Reproduce exactly, and only, the lines of the material below running from the line bearing "その後、4つの部会(学び充実" through the line bearing "Calendari escolar 25-26". Leave any pictures out.

▸ RECORDS FOR THIS TASK:

+---+

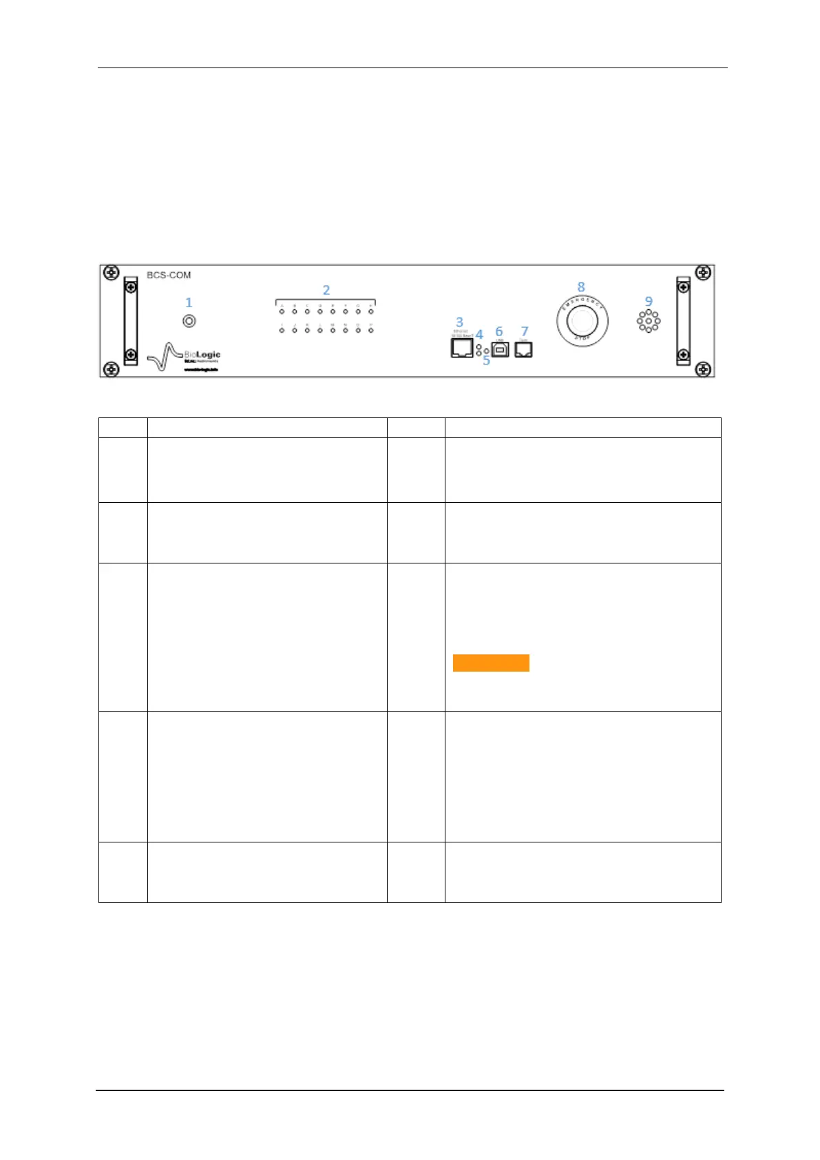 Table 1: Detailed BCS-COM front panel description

+---+

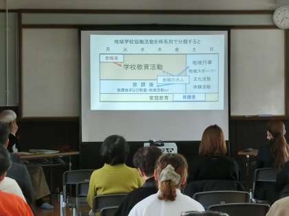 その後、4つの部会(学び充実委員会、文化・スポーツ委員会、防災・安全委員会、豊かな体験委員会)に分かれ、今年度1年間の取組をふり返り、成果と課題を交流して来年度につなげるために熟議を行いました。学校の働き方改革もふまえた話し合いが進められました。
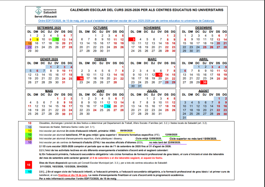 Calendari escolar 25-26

+---+

▸ SOLUTION:
 その後、4つの部会(学び充実委員会、文化・スポーツ委員会、防災・安全委員会、豊かな体験委員会)に分かれ、今年度1年間の取組をふり返り、成果と課題を交流して来年度につなげるために熟議を行いました。学校の働き方改革もふまえた話し合いが進められました。
 Calendari escolar 25-26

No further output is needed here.